Doratodesmus hispidus

Scientific classification
- Kingdom: Animalia
- Phylum: Arthropoda
- Subphylum: Myriapoda
- Class: Diplopoda
- Order: Polydesmida
- Family: Haplodesmidae
- Genus: Doratodesmus
- Species: D. hispidus
- Binomial name: Doratodesmus hispidus (Hoffman, 1978)
- Synonyms: Selminarchus hispidus Hoffman, 1978;

= Doratodesmus hispidus =

- Genus: Doratodesmus
- Species: hispidus
- Authority: (Hoffman, 1978)
- Synonyms: Selminarchus hispidus Hoffman, 1978

Species of millipede

Doratodesmus hispidus is a species of flat-backed millipede in the family Haplodesmidae. This millipede is found in Papua New Guinea. This millipede is notable for featuring only 18 segments (counting the collum as the first segment and the telson as the last) in each sex rather than the 20 segments normally observed in the order Polydesmida.

== Discovery and distribution ==
This species was first described in 1978 by the American zoologist Richard L. Hoffman. He based the original description of this species on an adult male holotype, four adult paratypes (two males and two females), and three immature specimens. These specimens were found in 1975 in the Selminum Tem cave on the Finim Tel plateau in the Western Province of Papua New Guinea. This species is still known only from this cave. The male holotype and paratypes including both sexes are deposited in the National Museum of Natural History in Sofia in Bulgaria.

== Taxonomy ==
Hoffman originally described this species as the type species for a new monotypic genus, Selminarchus. In 2009, however, authorities deemed Selminarchus to be a junior synonym for Doratodesmus. Furthermore, these genera had until then been placed in the family Doratodesmidae, but in 2009, authorities also deemed Doratodesmidae to be a junior synonym of Haplodesmidae. Authorities now accept Doratodesmus hispidus as the valid name for this species and place this species in the family Haplodesmidae.

== Description ==
The male holotype measures about 5.5 mm in length with a maximum width of 1.6 mm, and the female paratypes are similar in size. This millipede is uniformly a pale brownish red when preserved but is probably white when alive. On most segments, the dorsal surface features slightly raised flat areas arranged in irregular transverse rows, often forming three rows.

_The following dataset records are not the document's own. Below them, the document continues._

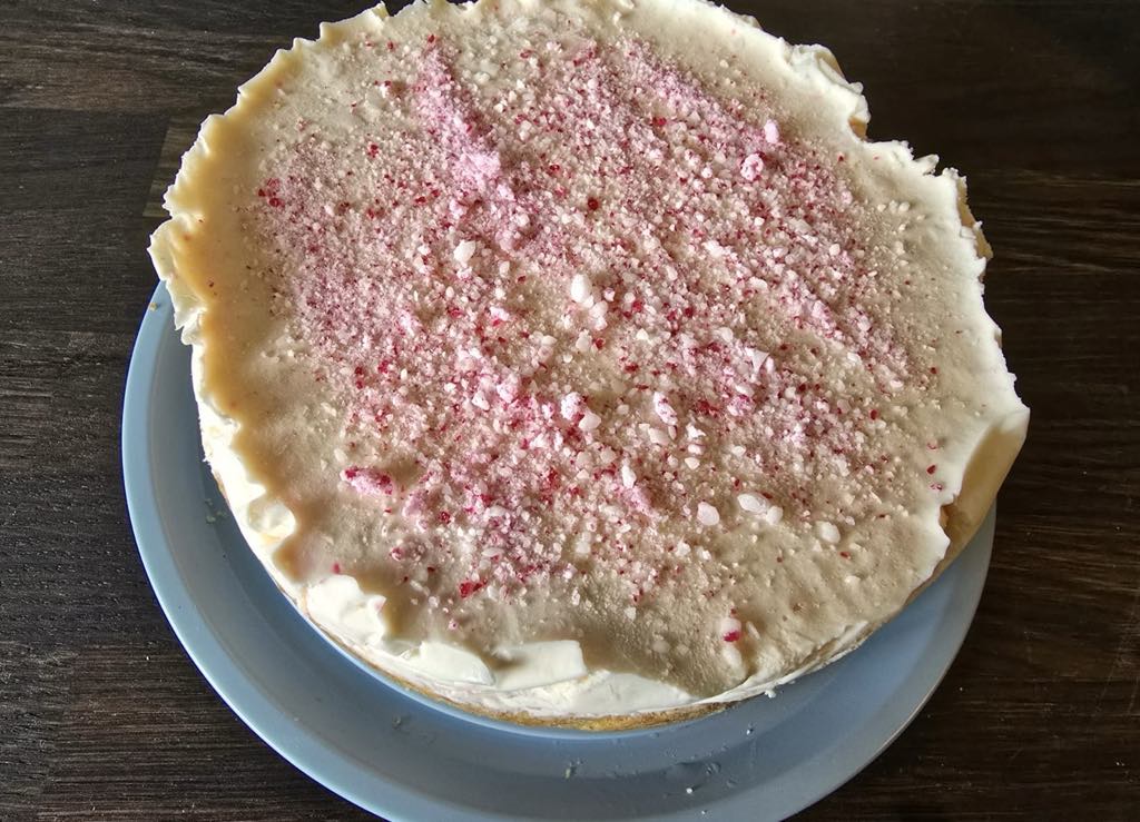 Jag håller på med ett litet projekt och här har jag testat baka mitt eget recept på polkagris-cheesecake…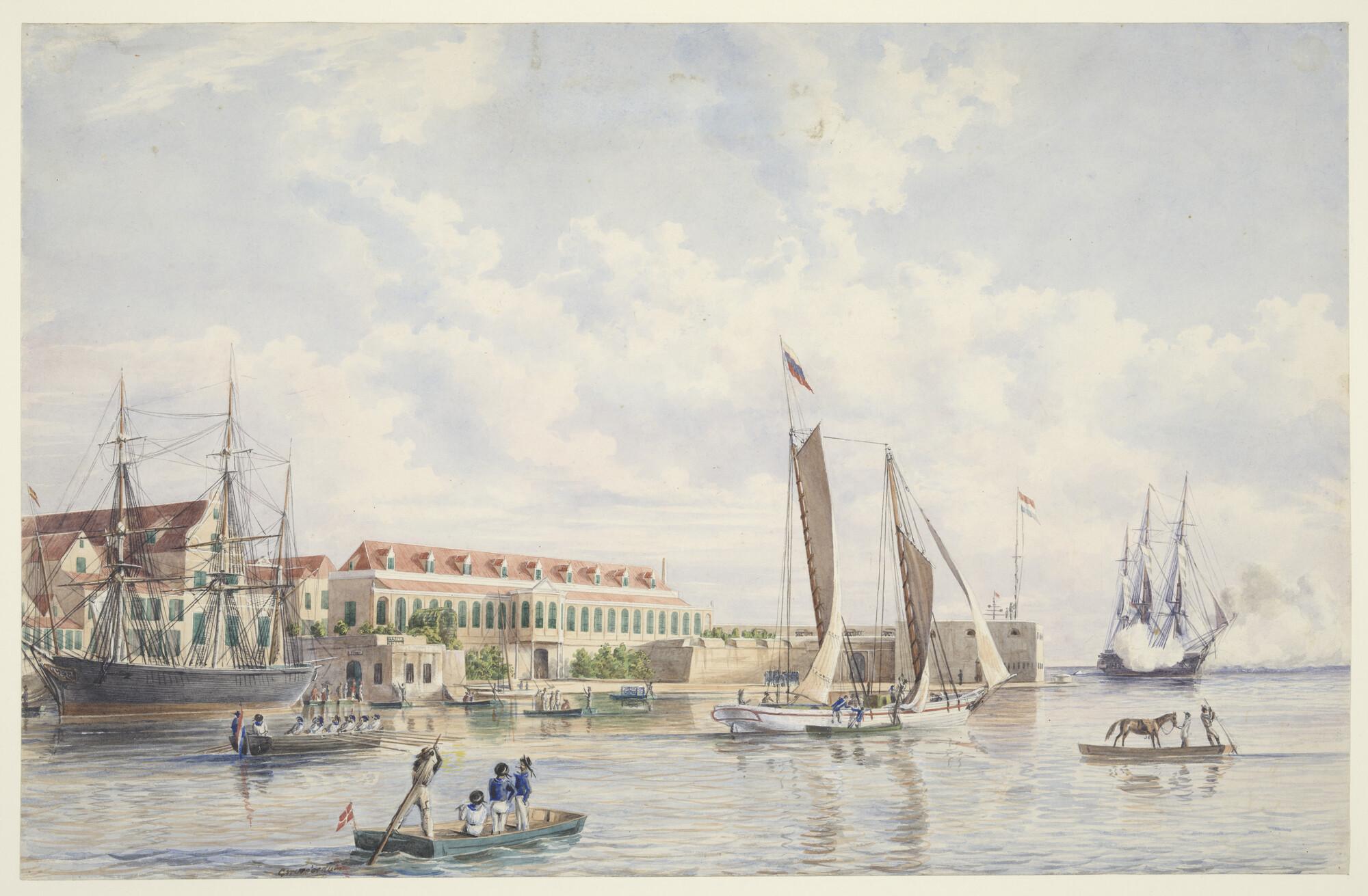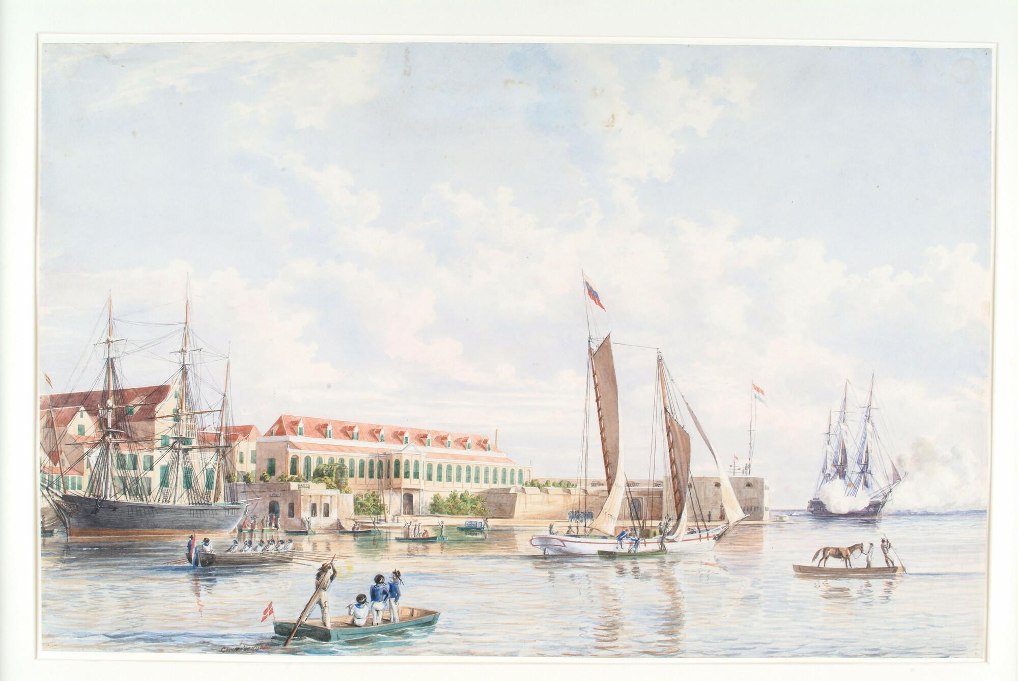 De haven van Curaçao met het Gouvernementshuis en het waterfort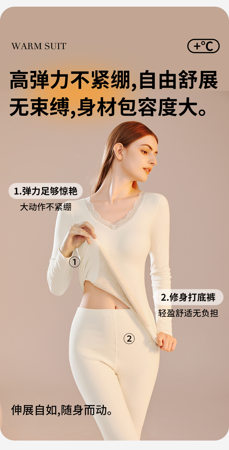 帶胸墊羊絨蠶絲保暖內衣套裝女秋冬髮熱秋衣秋褲蕾絲V領內搭打底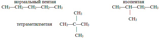 Для углеводорода пентана C5H12 различия в последовательности связи углеводородных атомов приводят к образованию трех изомеров: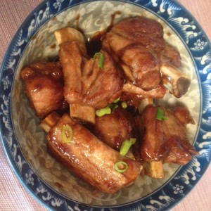 准备碗汁儿,一勺酱油,一勺料酒,三勺醋,四勺糖(本人喜欢甜的),少许鸡粉和盐,可加入一点排骨汤

The adult of each sex features only 18 segments (including the telson). Accordingly, the adult female features only 27 pairs of legs, whereas the adult male features only 26 pairs of walking legs, excluding the eighth leg pair, which become gonopods. The distal element of each of the gonopods (telopodite) in adult males of this species is simple, with a stout base tapering gradually into a short flat distal element that curves at the end. The groove that carries the sperm runs along the dorsal side of the gonopod to the tip of the distal element (solenomere).

This species shares many traits with other species in the genus Doratodesmus. For example, like other species in this genus, this species features a collum that is somewhat reduced and paranota on the second segment that are enlarged laterally. Furthermore, like most other species in this genus, this species features gonopod telopodites with stout basal elements.

This species shares a more extensive set of traits with another species in the same genus, D. pholeter, which was discovered in another cave on the Finim Tel plateau in the Western Province of Papua New Guinea. For example, both species feature adult males with 18 segments and gonopod telopodites that are simple with short solenomeres. Furthermore, most segments in each species feature transverse rows of raised flat areas.

These two species can be distinguished, however, based on other traits. For example, D. pholeter exhibits sexual dimorphism in segment number, with females featuring 19 segments, whereas both the female and the male of D. hispidus feature only 18 segments. Furthermore, the gonopod telopodite in D. hispidus simply tapers and ends in a curved solenomere, whereas the gonopod telopodite in D. pholeter divides into two distal branches, a longer branch and a shorter solenomere.